Neverwinter Nights: Hordes of the Underdark Impressions

We sit down with the second expansion pack for BioWare's Dungeons & Dragons game.

At a recent Atari press event, we were able to take an up-close look at Hordes of the Underdark, the second expansion pack for BioWare's 2002 role-playing game, Neverwinter Nights. The expansion pack will make numerous additions to the original game, including the new epic character rules that will let players take their characters from the already high character level of 20 all the way up to 40. In addition, the expansion will add five new advanced prestige classes your character can attain (in addition to the five that were introduced in the previous expansion pack, Shadows of Undrentide). These prestige classes include the powerful and highly requested red dragon disciple class; we saw a sample character in this profession that was human but had already sprouted a pair of reptilian wings from its back.

The expansion will also feature an improved camera that can zoom in very closely onto the action onscreen, as well as new tilesets for enthusiasts who wish to create more of their own custom adventures using the game's map editor, including a tileset for the Underdark, the subterranean section of the Forgotten Realms universe that houses the evil dark elves, beholders, and mind flayers--and these and other enemies will benefit from improved monster AI that will cause some enemies to use more-detailed tactics such as immediately casting an improved invisibility spell when they detect your presence, then following up with a suite of protective spells and queuing up a powerful offensive spell when they sight you.

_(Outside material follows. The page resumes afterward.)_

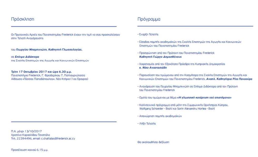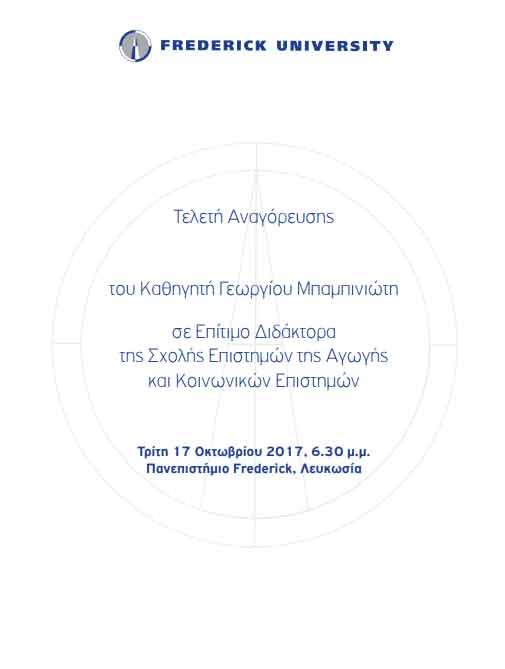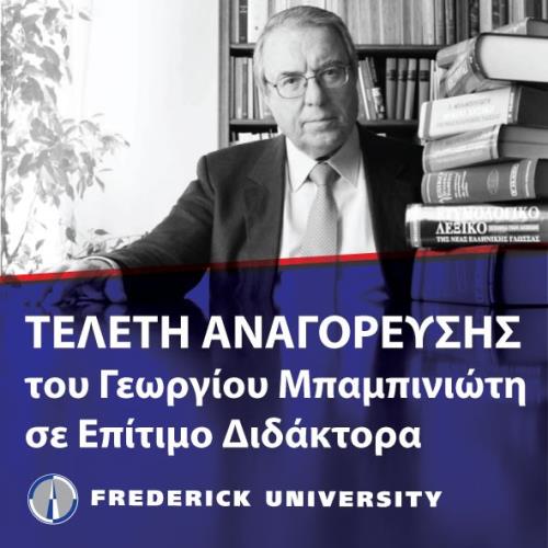 To Πανεπιστήμιο Frederick αναγορεύει τον Ομότιμο Καθηγητή Γεώργιο Μπαμπινιώτη σε Επίτιμο Διδάκτορα της Σχολής Επιστημών της Αγωγής και Κοινωνικών Επιστημών, την Τρίτη 17 Οκτωβρίου 2017, και ώρα 18:30, στην Αίθουσα «Τάσσος Παπαδόπουλος».

We watched a brief tour of two different modules, each of which ended up in the Underdark. The expansion will allow for increased polygon counts and improved textures, which will result in more-detailed characters and environments so that you can expect to encounter the original game's umber hulks and drow elf warriors alongside the new illithid monsters in all-new environments that include the gold-flecked, marble-lined architecture of the drow elves and the bizarre, filigreed metalwork of mind flayer cities (some of which bear a passing resemblance to some of the later areas of Baldur's Gate II). In drow elf society, powerful creatures such as beholders and mind flayers have an uneasy truce with each other, so they'll act as neutral characters and merchants in the game.

In the single-player campaign, you'll start your adventure in the Yawning Portal, a well-known tavern from the fiction of the Forgotten Realms universe, just after an evil and powerful drow elf matron has foreseen defeat at your own hands. You'll awaken with an empty inventory, since the drow elf assassin who has barged into your room and is attempting to kill you has already made off with your belongings. After you defeat the assassin, you can descend to the ground floor of the tavern, where you'll be reunited with some of the hireling characters from the original Neverwinter Nights, such as Daelan Red-Tiger, the half-orc barbarian, and Linu Lanaeral, the elf cleric. You'll also be able to recruit Deekin, the kobold henchman from Shadows of Undrentide, and fortunately, you'll be able to choose two henchman to accompany you on your journey (rather than just one as in the original Neverwinter Nights) to the Underdark via the infamous caverns of Undermountain. Hordes of the Underdark is scheduled for release later this year.